About this exercise> Each entry is to be given again precisely, and no picture may be carried over.

Data for review>

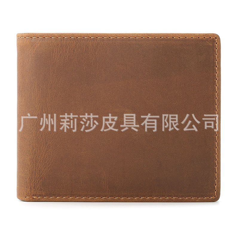 RFID 달러 클립 크레이지 호스 가죽 남성용 지갑 가로 카드 가방 정품 가죽 지갑 첫 번째 레이어 소 가죽 남성용 가방 공장 배치스토어 가기
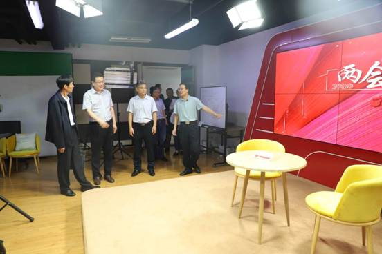 6月18日,临沂市农科院党委委员、副院长朱新亮同志、党委副书记杜玉德同志到临沂日报报业集团融媒采集中心、编辑中心、视频演播室、新媒体中心参观学习,报业集团党委副书记、总经理陈学善、党委委员、副总经理张贺春、党委委员、副总经理滕怀飞陪同并出席座谈会。
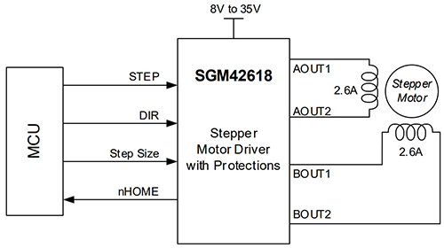 SGM42618 支持 1/32 細(xì)分的步進(jìn)電機(jī)驅(qū)動器
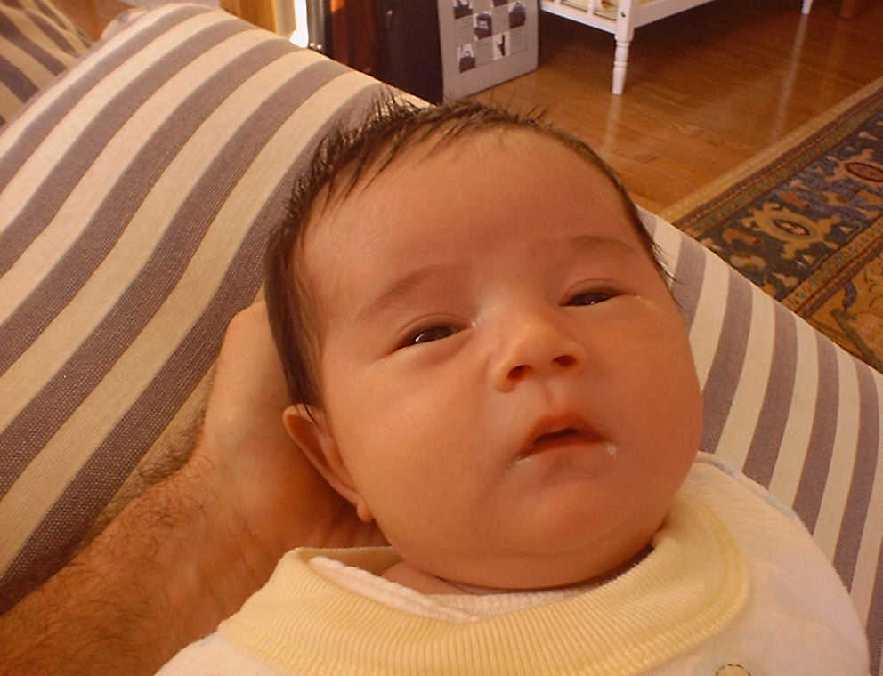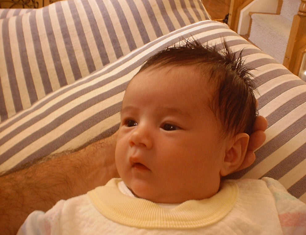 Nadine at two and a half weeks, finishing off a bottle of milk, wide awake. (And soon to be looking for another bottle!) Look at that hair, it's getting longer every day!
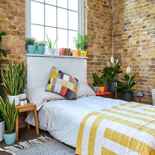 Coin bureau et exemple d'une chambre parentale exotique de taille moyenne avec un sol en bois foncé et aucune cheminée.
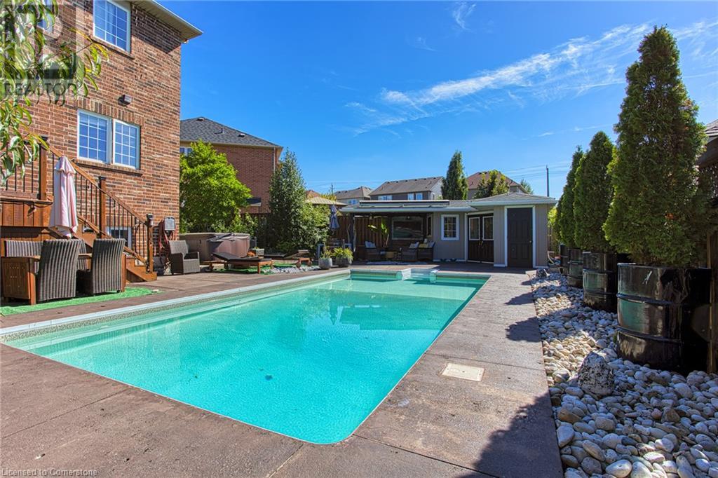 Welcome to 261 Montreal Circle in Stoney Creek, where modern elegance meets exceptional convenience. This bright and airy home is designed to impress, boasting abundant natural light throughout its spacious layout. The large kitchen is a chef's dream, featuring stunning fixtures and finishes, seamlessly flowing into the open-concept living room, perfect for both everyday living and entertaining. Venture downstairs to discover a dedicated theatre room in the basement, offering the ultimate space for movie nights and relaxation. The upper floor is home to generously sized bedrooms, providing comfort and privacy for the entire family. Each bedroom is thoughtfully designed with ample storage and stylish decor. Step outside into your own private oasis. The in-ground pool is the centerpiece of a resort-like backyard, complete with a covered cabana for shaded lounging and outdoor dining. This backyard paradise is ideal for summer gatherings or simply unwinding after a long day. Location is key, and this location excels in this regard. Enjoy the ease of hwy access and take advantage of the proximity to Costco, Metro, and schools. For nature enthusiasts, the nearby lake offers picturesque views, all within walking distance. Experience the perfect blend of luxury, comfort, and convenience in this stunning Stoney Creek home. 261 Montreal Circle is more than just a place to live—it's a lifestyle waiting to be embraced. Don't miss the chance to make this exceptional property your own. (id:55009)

Solution>
 RFID 달러 클립 크레이지 호스 가죽 남성용 지갑 가로 카드 가방 정품 가죽 지갑 첫 번째 레이어 소 가죽 남성용 가방 공장 배치스토어 가기
 6月18日,临沂市农科院党委委员、副院长朱新亮同志、党委副书记杜玉德同志到临沂日报报业集团融媒采集中心、编辑中心、视频演播室、新媒体中心参观学习,报业集团党委副书记、总经理陈学善、党委委员、副总经理张贺春、党委委员、副总经理滕怀飞陪同并出席座谈会。
 SGM42618 支持 1/32 細(xì)分的步進(jìn)電機(jī)驅(qū)動器
 Nadine at two and a half weeks, finishing off a bottle of milk, wide awake. (And soon to be looking for another bottle!) Look at that hair, it's getting longer every day!
 Coin bureau et exemple d'une chambre parentale exotique de taille moyenne avec un sol en bois foncé et aucune cheminée.
 Welcome to 261 Montreal Circle in Stoney Creek, where modern elegance meets exceptional convenience. This bright and airy home is designed to impress, boasting abundant natural light throughout its spacious layout. The large kitchen is a chef's dream, featuring stunning fixtures and finishes, seamlessly flowing into the open-concept living room, perfect for both everyday living and entertaining. Venture downstairs to discover a dedicated theatre room in the basement, offering the ultimate space for movie nights and relaxation. The upper floor is home to generously sized bedrooms, providing comfort and privacy for the entire family. Each bedroom is thoughtfully designed with ample storage and stylish decor. Step outside into your own private oasis. The in-ground pool is the centerpiece of a resort-like backyard, complete with a covered cabana for shaded lounging and outdoor dining. This backyard paradise is ideal for summer gatherings or simply unwinding after a long day. Location is key, and this location excels in this regard. Enjoy the ease of hwy access and take advantage of the proximity to Costco, Metro, and schools. For nature enthusiasts, the nearby lake offers picturesque views, all within walking distance. Experience the perfect blend of luxury, comfort, and convenience in this stunning Stoney Creek home. 261 Montreal Circle is more than just a place to live—it's a lifestyle waiting to be embraced. Don't miss the chance to make this exceptional property your own. (id:55009)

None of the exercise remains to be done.